Bay Grasses in Classes Kicks Off Tenth Season with
Teacher Trainings in January
2007 - The Bay Grasses in Classes (BGIC) project is a joint partnership with
the Maryland Department of Natural Resources (DNR) and the Chesapeake Bay
Foundation (CBF). Since 1998, over 1,404 classes and 36,050 students have been
involved with Bay Grasses in Classes. During this time students have planted
over 2.75 acres of bottom surface in the Bay with the 475,000 plants grown in
their classrooms. In 2004, for the first time, annual aerial surveys taken by
the Virginia Institute of Marine Science (VIMS) have mapped healthy grass beds
planted by students in the program.
Seventy-one returning teachers as well as 33 new teachers from 83 schools across
the State of Maryland participated in training sessions in January. During
training, teachers were provided with the curriculum materials and introduced to
online resources necessary to educate their classes on the importance of bay
grasses. In addition, materials necessary to construct bay grass growth chambers
in their classrooms including: aquarium equipment, sediment, and seeds or adult
plants were distributed.
Over the course of the next few months, teachers will actively engage students
in each phase of growing bay grasses: mixing the soil, setting up the aquaria,
and planting seeds or vegetative material from adult plants. Each week, teachers
will lead students through monitoring growth of plants, collecting water quality
data, and entering data into an on-line data entry system housed on the newly
redesigned Bay Grasses in classes Website (http://www.dnr.state.md.us/bay/sav/bgic/).

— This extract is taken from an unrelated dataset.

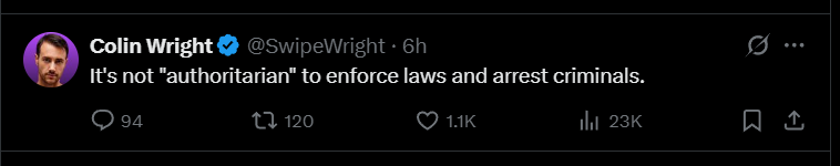 Colin Wright recently tweeted: "It's not 'authoritarian' to enforce laws and arrest criminals." The problem is that this framing skips the essential question: Who defines the law, and by what right? If the law itself is unjust, or if its enforcement rests on a monopoly of coercion over peaceful individuals without consent, then it is authoritarian — by structure, not just by abuse.

Later this spring, students will transport the grasses to one of
four restoration sites throughout the state to plant the grasses, as well as
take part in other educational activities including: seining and water quality
activities designed to reinforce their knowledge of bay grasses. By studying the
ecological importance of bay grasses and actively participating in restoration,
students also gained a sense of stewardship of the Bay.
grasses (also known as submerged aquatic vegetation, or SAV) are critical to a
healthy Chesapeake Bay. They provide important habitats for young fish and
crabs, serve as food for waterfowl, help protect shorelines from erosion, keep
water clear, consume excess nutrients, and add oxygen to the water. Current bay
grass populations are less than 25 percent of historic levels, mainly due to
excessive nutrient pollution (mainly nitrogen and phosphorus) and sediment
resulting from human activities clouding the water and preventing sufficient
sunlight from reaching the plants.
BGIC receives funding from the Chesapeake Bay Trust and the
National Oceanic and Atmospheric Administration (NOAA).